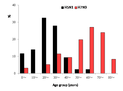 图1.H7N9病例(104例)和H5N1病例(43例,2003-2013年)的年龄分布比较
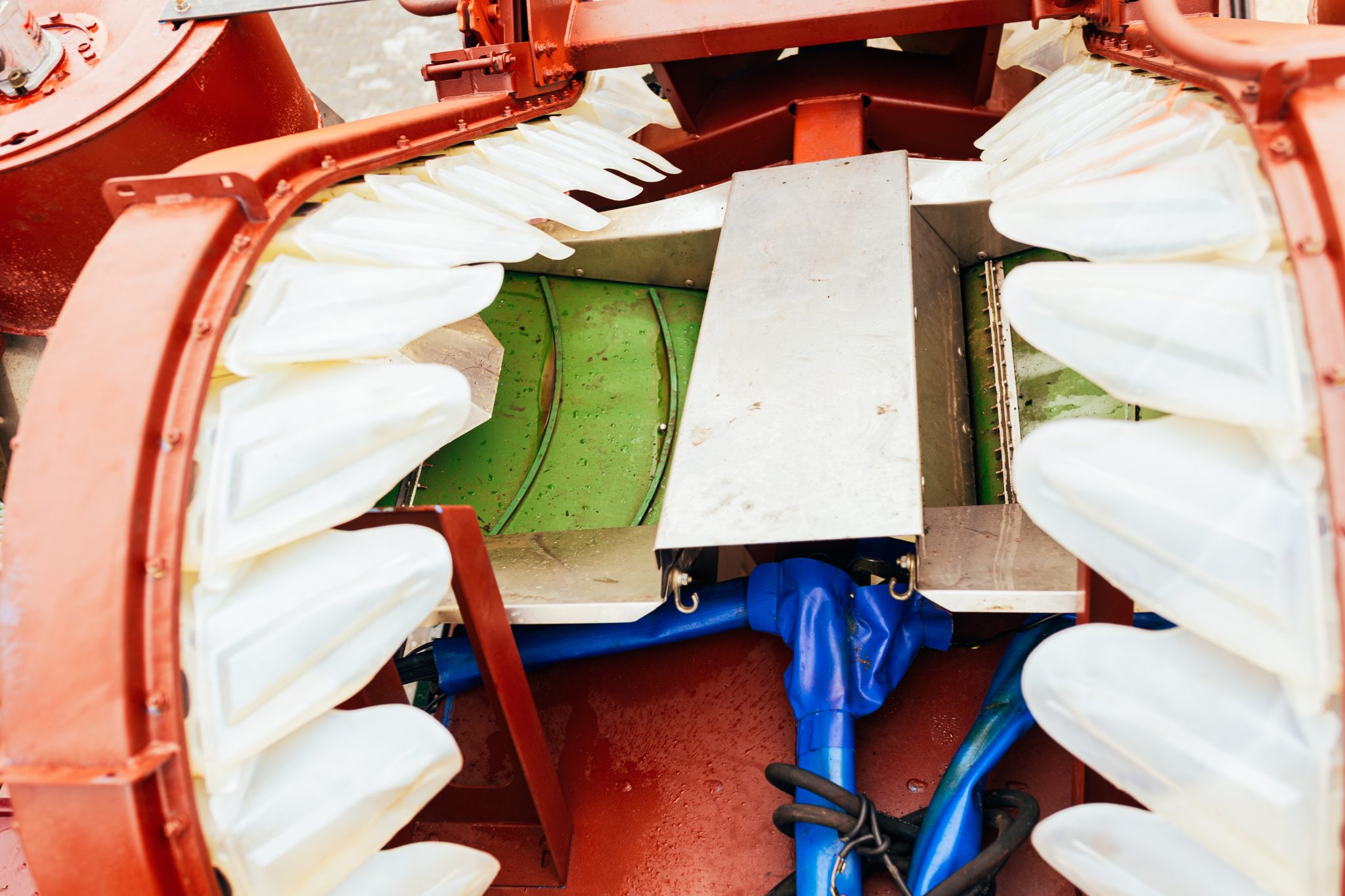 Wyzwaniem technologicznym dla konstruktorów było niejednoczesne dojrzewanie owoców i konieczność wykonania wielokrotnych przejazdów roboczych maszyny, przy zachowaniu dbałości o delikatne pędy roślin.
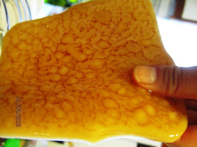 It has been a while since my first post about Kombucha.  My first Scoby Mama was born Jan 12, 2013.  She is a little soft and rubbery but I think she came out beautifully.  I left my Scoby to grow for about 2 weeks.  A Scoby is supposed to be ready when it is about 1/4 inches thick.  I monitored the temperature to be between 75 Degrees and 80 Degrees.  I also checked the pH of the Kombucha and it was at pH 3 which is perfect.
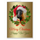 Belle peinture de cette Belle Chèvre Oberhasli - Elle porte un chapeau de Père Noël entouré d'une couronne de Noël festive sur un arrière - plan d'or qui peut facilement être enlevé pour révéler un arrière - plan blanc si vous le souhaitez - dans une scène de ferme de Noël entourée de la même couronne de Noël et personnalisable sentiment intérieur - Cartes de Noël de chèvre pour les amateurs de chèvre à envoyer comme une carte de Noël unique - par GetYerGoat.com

...

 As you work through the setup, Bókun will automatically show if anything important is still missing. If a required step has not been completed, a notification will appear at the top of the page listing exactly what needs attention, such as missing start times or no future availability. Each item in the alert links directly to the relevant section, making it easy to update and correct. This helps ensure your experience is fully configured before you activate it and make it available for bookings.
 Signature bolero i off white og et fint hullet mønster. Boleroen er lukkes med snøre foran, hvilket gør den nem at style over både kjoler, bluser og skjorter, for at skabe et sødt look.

▸ Activity:
Only the lines above from the one with "It has been" to the one with "Belle peinture de" should be printed, both included and exactly as written; no picture belongs in the copy.

▸ Task output:
 It has been a while since my first post about Kombucha.  My first Scoby Mama was born Jan 12, 2013.  She is a little soft and rubbery but I think she came out beautifully.  I left my Scoby to grow for about 2 weeks.  A Scoby is supposed to be ready when it is about 1/4 inches thick.  I monitored the temperature to be between 75 Degrees and 80 Degrees.  I also checked the pH of the Kombucha and it was at pH 3 which is perfect.
 Belle peinture de cette Belle Chèvre Oberhasli - Elle porte un chapeau de Père Noël entouré d'une couronne de Noël festive sur un arrière - plan d'or qui peut facilement être enlevé pour révéler un arrière - plan blanc si vous le souhaitez - dans une scène de ferme de Noël entourée de la même couronne de Noël et personnalisable sentiment intérieur - Cartes de Noël de chèvre pour les amateurs de chèvre à envoyer comme une carte de Noël unique - par GetYerGoat.com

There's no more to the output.